Exercise prompt
Each line in the material below, starting at the one that contains "В соседней России" and ending at the one that contains "Figure 3 depicts", should be repeated exactly; the pictures should not.

Records for this exercise
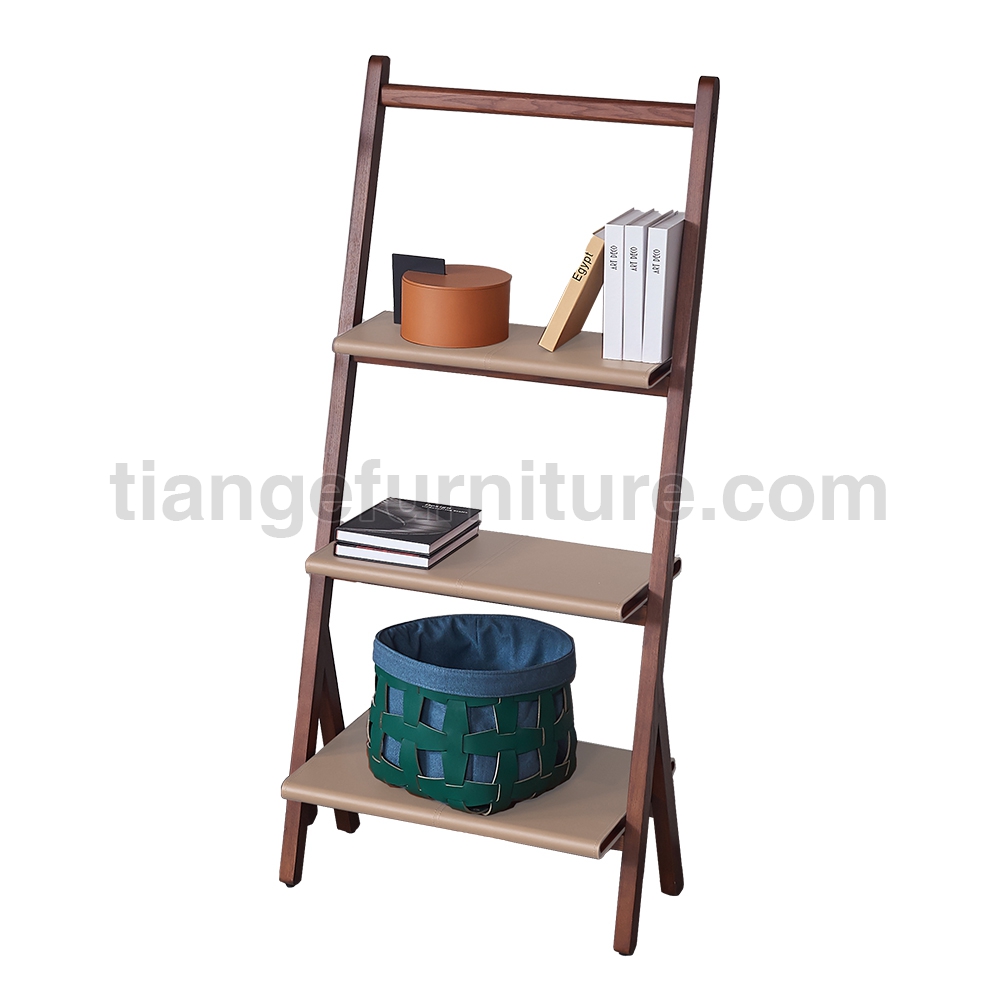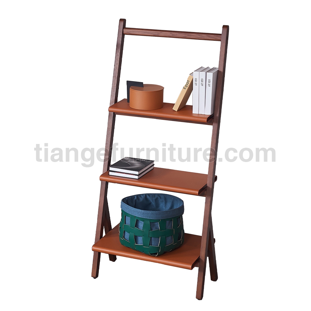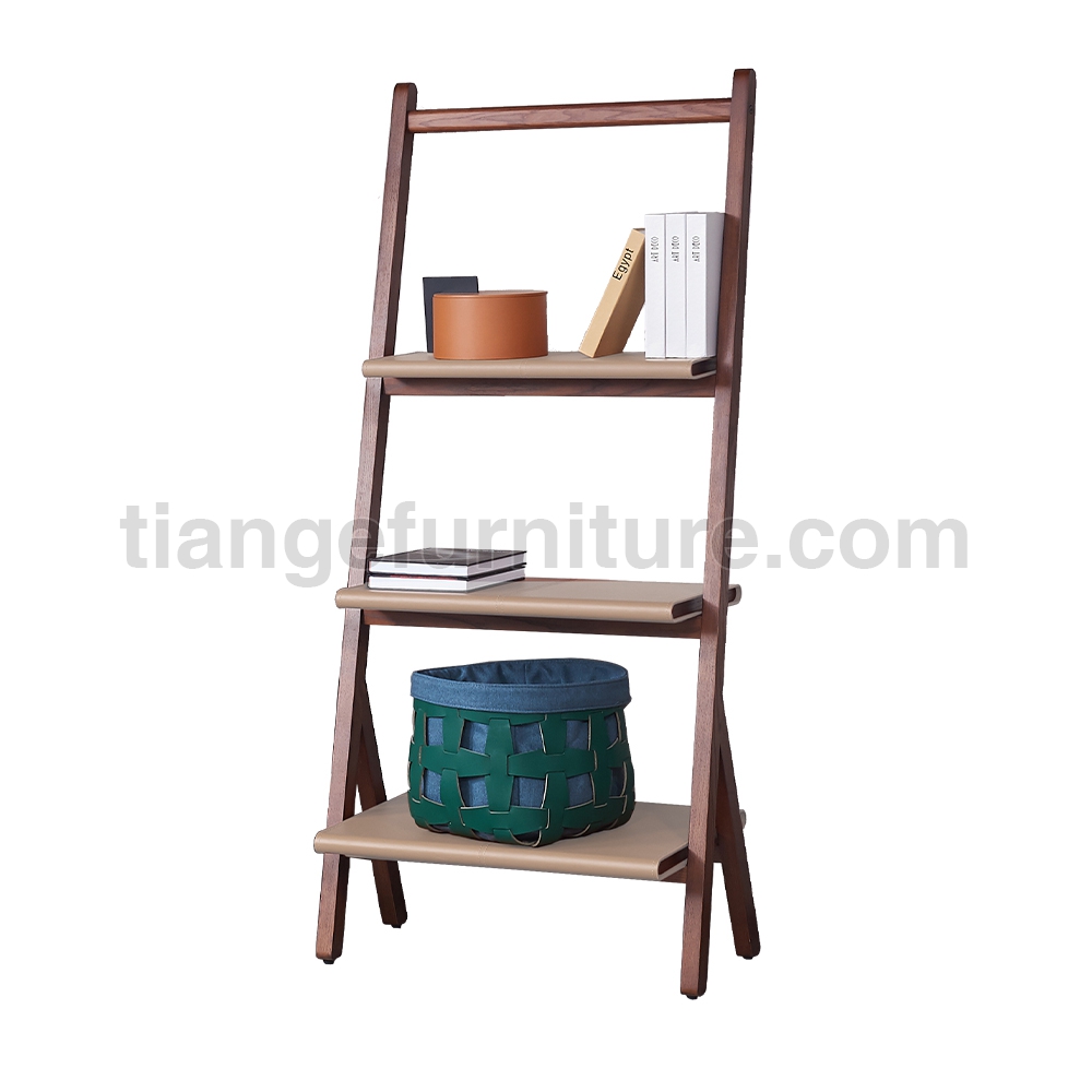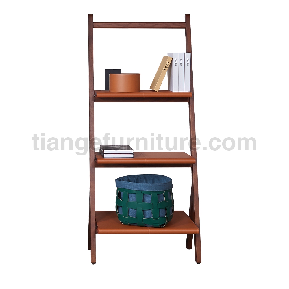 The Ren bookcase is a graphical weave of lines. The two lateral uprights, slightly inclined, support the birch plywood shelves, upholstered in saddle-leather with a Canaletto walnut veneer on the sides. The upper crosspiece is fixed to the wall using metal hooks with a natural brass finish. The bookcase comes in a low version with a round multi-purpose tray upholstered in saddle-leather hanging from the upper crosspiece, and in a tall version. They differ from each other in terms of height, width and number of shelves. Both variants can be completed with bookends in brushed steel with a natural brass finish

...

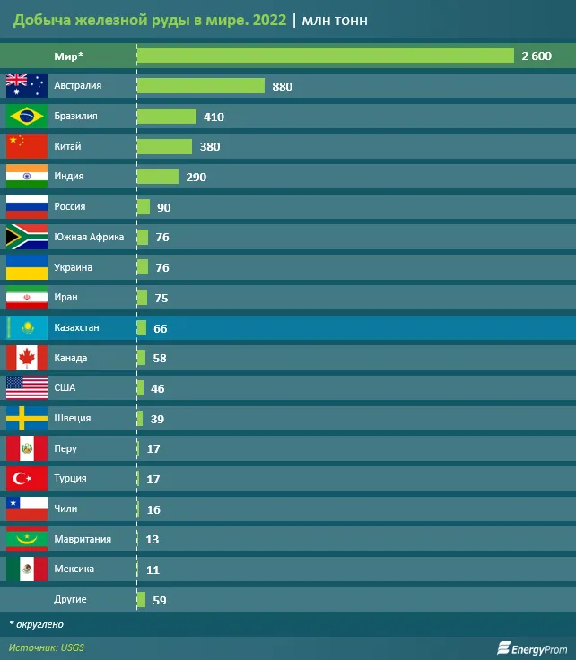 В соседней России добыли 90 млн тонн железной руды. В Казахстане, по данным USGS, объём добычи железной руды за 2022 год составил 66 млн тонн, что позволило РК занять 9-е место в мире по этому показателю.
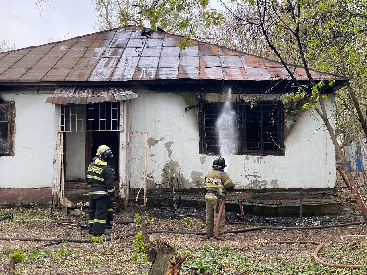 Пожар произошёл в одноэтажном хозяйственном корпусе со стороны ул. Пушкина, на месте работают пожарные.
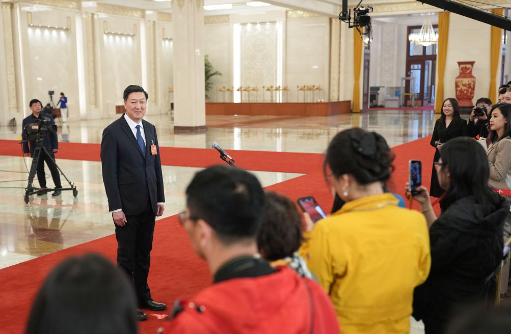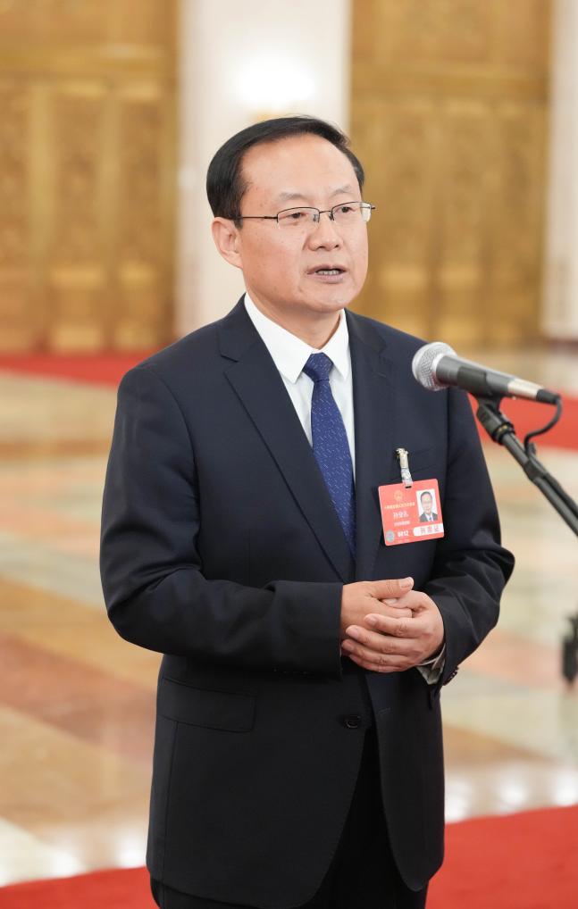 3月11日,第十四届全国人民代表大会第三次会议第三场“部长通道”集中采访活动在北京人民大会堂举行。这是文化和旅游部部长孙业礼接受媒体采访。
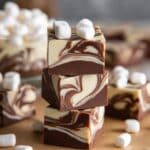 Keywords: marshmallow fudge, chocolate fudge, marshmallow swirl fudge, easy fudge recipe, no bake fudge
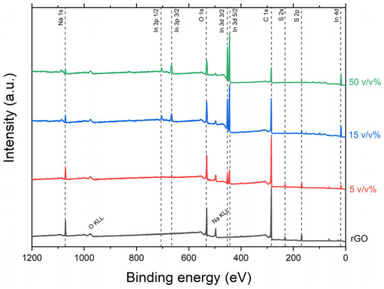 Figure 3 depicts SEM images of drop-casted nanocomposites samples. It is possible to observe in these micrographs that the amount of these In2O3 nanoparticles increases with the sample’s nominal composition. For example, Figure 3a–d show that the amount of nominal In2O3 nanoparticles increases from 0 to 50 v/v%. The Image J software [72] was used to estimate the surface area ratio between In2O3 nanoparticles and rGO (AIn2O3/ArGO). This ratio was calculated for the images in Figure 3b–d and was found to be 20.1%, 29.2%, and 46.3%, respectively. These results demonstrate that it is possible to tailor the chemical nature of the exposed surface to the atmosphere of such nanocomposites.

Response below
 В соседней России добыли 90 млн тонн железной руды. В Казахстане, по данным USGS, объём добычи железной руды за 2022 год составил 66 млн тонн, что позволило РК занять 9-е место в мире по этому показателю.
 Пожар произошёл в одноэтажном хозяйственном корпусе со стороны ул. Пушкина, на месте работают пожарные.
 3月11日,第十四届全国人民代表大会第三次会议第三场“部长通道”集中采访活动在北京人民大会堂举行。这是文化和旅游部部长孙业礼接受媒体采访。
 Keywords: marshmallow fudge, chocolate fudge, marshmallow swirl fudge, easy fudge recipe, no bake fudge
 Figure 3 depicts SEM images of drop-casted nanocomposites samples. It is possible to observe in these micrographs that the amount of these In2O3 nanoparticles increases with the sample’s nominal composition. For example, Figure 3a–d show that the amount of nominal In2O3 nanoparticles increases from 0 to 50 v/v%. The Image J software [72] was used to estimate the surface area ratio between In2O3 nanoparticles and rGO (AIn2O3/ArGO). This ratio was calculated for the images in Figure 3b–d and was found to be 20.1%, 29.2%, and 46.3%, respectively. These results demonstrate that it is possible to tailor the chemical nature of the exposed surface to the atmosphere of such nanocomposites.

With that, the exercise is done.